→ RECORDS PROVIDED
● ● ● ● ● ● ●

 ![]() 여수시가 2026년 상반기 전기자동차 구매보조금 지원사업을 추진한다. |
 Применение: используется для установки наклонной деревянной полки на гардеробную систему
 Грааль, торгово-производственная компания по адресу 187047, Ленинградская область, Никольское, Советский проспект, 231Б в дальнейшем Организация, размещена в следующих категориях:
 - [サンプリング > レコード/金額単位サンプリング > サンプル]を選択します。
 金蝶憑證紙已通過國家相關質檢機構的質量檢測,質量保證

● ● ● ● ● ● ●

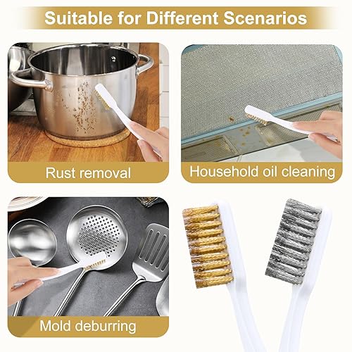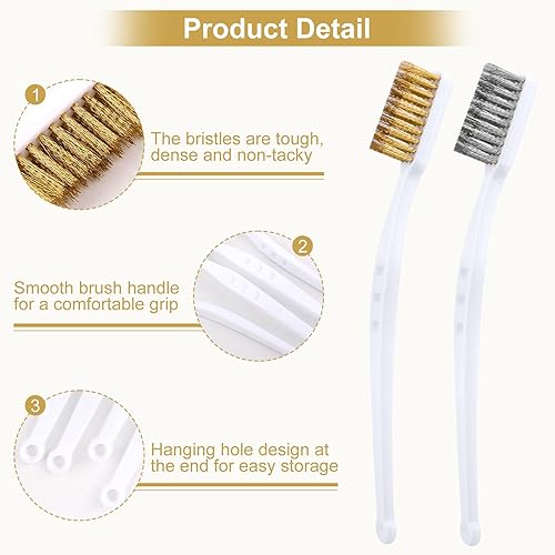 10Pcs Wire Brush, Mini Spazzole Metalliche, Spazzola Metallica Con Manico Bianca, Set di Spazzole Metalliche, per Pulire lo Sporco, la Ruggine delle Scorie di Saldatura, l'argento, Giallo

● ● ● ● ● ● ●

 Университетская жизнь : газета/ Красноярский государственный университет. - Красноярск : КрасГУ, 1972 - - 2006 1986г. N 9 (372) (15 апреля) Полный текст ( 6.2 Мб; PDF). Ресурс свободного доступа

● ● ● ● ● ● ●

→ YOUR OBJECTIVE
Using the entries above, give back exactly the line containing "Грааль, торгово-производственная компания", the line containing "金蝶憑證紙已通過國家相關質檢機構的質量檢測,質量保證", and every line between them, and nothing else.

→ SOLUTION TO THIS PROBLEM
 Грааль, торгово-производственная компания по адресу 187047, Ленинградская область, Никольское, Советский проспект, 231Б в дальнейшем Организация, размещена в следующих категориях:
 - [サンプリング > レコード/金額単位サンプリング > サンプル]を選択します。
 金蝶憑證紙已通過國家相關質檢機構的質量檢測,質量保證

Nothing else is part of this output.